» **What is expected**:
Please set down only the lines running from the one with "Öğrencilerin yaptıkları gösteriler" through the last line of the entries, exactly as written and without any pictures.

Dataset records:

=== Begin Enclosure ===

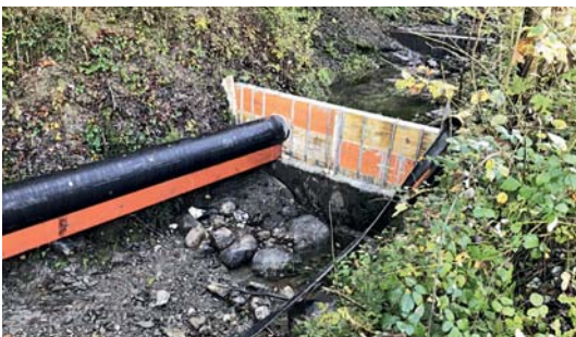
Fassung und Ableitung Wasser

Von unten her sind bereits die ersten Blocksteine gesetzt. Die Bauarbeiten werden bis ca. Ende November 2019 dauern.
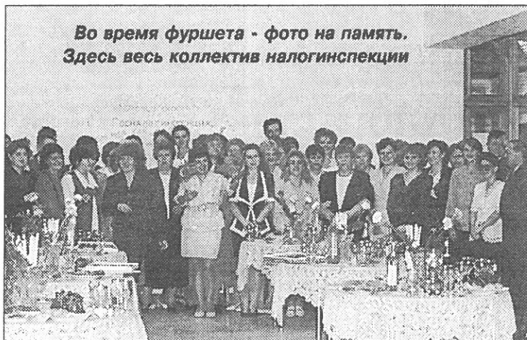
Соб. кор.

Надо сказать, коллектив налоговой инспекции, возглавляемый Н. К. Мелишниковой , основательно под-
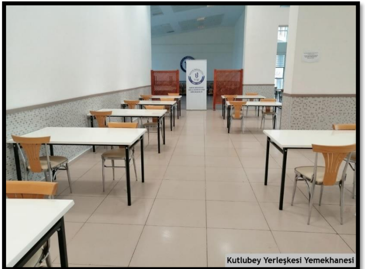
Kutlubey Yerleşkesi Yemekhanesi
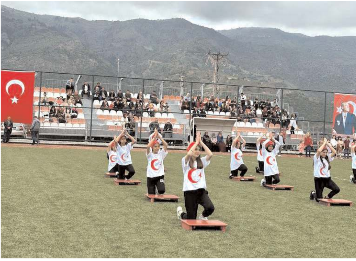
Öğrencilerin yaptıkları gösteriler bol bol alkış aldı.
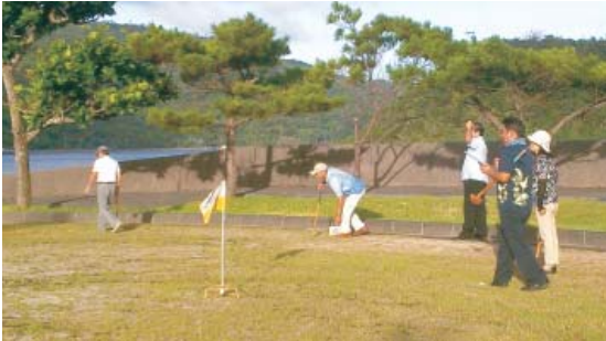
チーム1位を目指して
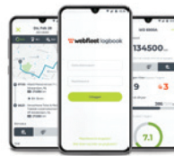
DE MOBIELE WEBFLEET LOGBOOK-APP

=== End Enclosure ===

» **Expected answer**:
Öğrencilerin yaptıkları gösteriler bol bol alkış aldı.
チーム1位を目指して
DE MOBIELE WEBFLEET LOGBOOK-APP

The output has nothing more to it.